The Defense Security Service plans to shift to a risk-based approach, but needs to reach out to stakeholders, GAO says.
The Pentagon agency responsible for vetting contractors that handle classified information isn’t keeping up with the threat, according to an auditor’s report released Monday.
The Defense Security Service, or DSS, is responsible for vetting the security of over 12,000 contractor facilities, but could only accomplish about 60 percent of its workload during the 2016 fiscal year, according to the Government Accountability Office report.
That’s despite DSS’ own statement “that the United States is facing the most significant foreign intelligence threat it has ever encountered,” the report states.
DSS security reviews are broadly similar to the personal security clearances that government employees and contractors undergo and include issues such as a company’s foreign ties and risky past behavior.
DSS announced plans to pilot a new methodology in late 2016 that involves prioritizing security reviews based on what information and technology are housed at a particular contractor and how likely foreign intelligence services are to try to steal it.
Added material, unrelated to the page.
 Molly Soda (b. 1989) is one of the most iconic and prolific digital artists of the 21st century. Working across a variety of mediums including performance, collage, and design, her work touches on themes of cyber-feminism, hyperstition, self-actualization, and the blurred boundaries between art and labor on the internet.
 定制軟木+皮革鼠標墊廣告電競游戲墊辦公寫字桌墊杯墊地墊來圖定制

The new methodology also involves creating customized security plans for contractor facilities rather than relying on a one-size-fits-all model based on the National Industrial Security Program Operating Manual, a guide developed through an interagency process.
However, DSS hasn’t sufficiently outlined what resources it will need for this shift in strategy, the Government Accountability Office found. The agency also hasn’t described how it will collaborate with relevant groups, such as the U.S. intelligence agencies that will outline the most pressing threats and the contractors that will try to mitigate them, the office said.
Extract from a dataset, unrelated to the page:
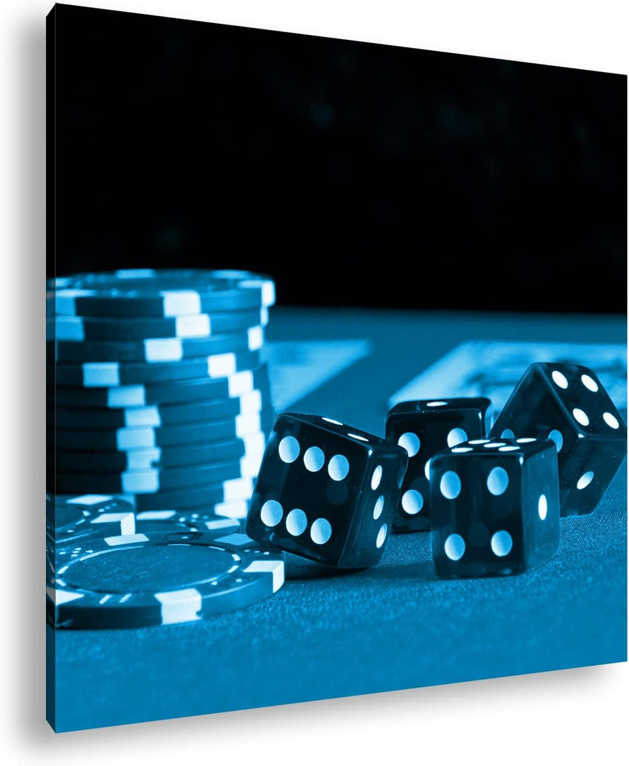 deyoli Glücksspiel Würfel und Poker Chips Format 80x60 Effekt: Monocrome Blau als Leinwandbild, Moti
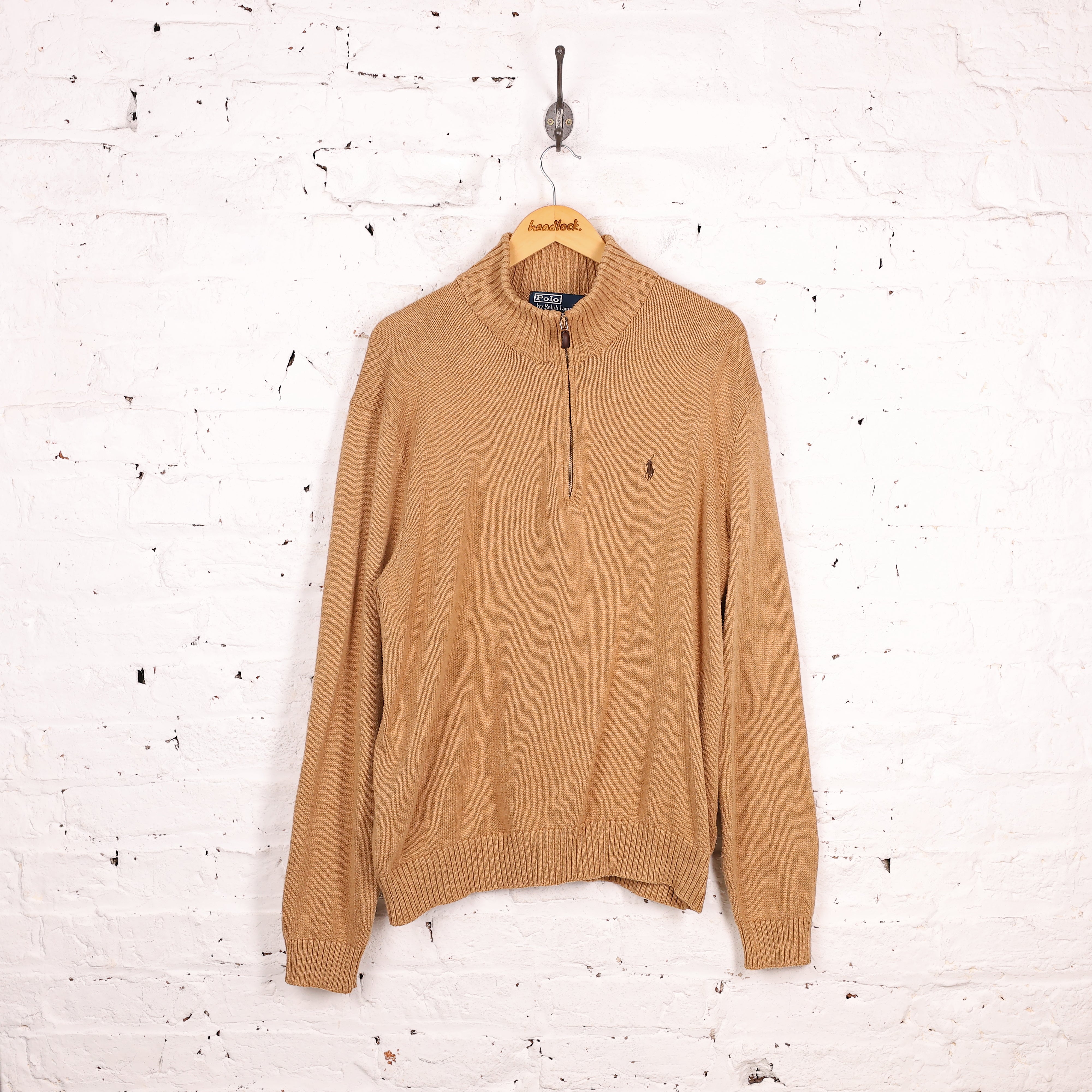 Ralph Lauren Knit 1/4 Zip Jumper - Brown - XL

“Until DSS identifies roles and responsibilities and determines how it will collaborate with stakeholders for the piloting effort, it will be difficult to assess whether the new approach is effective in protecting classified information,” the audit states.
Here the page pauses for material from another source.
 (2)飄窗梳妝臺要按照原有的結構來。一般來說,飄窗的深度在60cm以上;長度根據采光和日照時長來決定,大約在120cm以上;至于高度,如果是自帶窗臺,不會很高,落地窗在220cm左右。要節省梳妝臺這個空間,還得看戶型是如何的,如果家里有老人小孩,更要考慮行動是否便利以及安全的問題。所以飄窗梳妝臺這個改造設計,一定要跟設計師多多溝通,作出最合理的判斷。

The review comes as executive branch officials and lawmakers are increasingly concerned about foreign influence in government contractors’ supply chains. The Homeland Security Department ordered federal agencies to remove the Russian anti-virus Kaspersky from their systems in October and a defense policy bill, which became law in December, required the same of contractors.
Contractors have yet to complete that process and many were unaware they were using the Russian anti-virus, Homeland Security Sec. Kirstjen Nielsen told lawmakers earlier this month.
Several lawmakers have pushed for similar legislation to ban the Chinese telecoms ZTE and Huawei from U.S. government supply chains. The current house draft of a must-pass defense policy bill, however, only requires a study of the issue.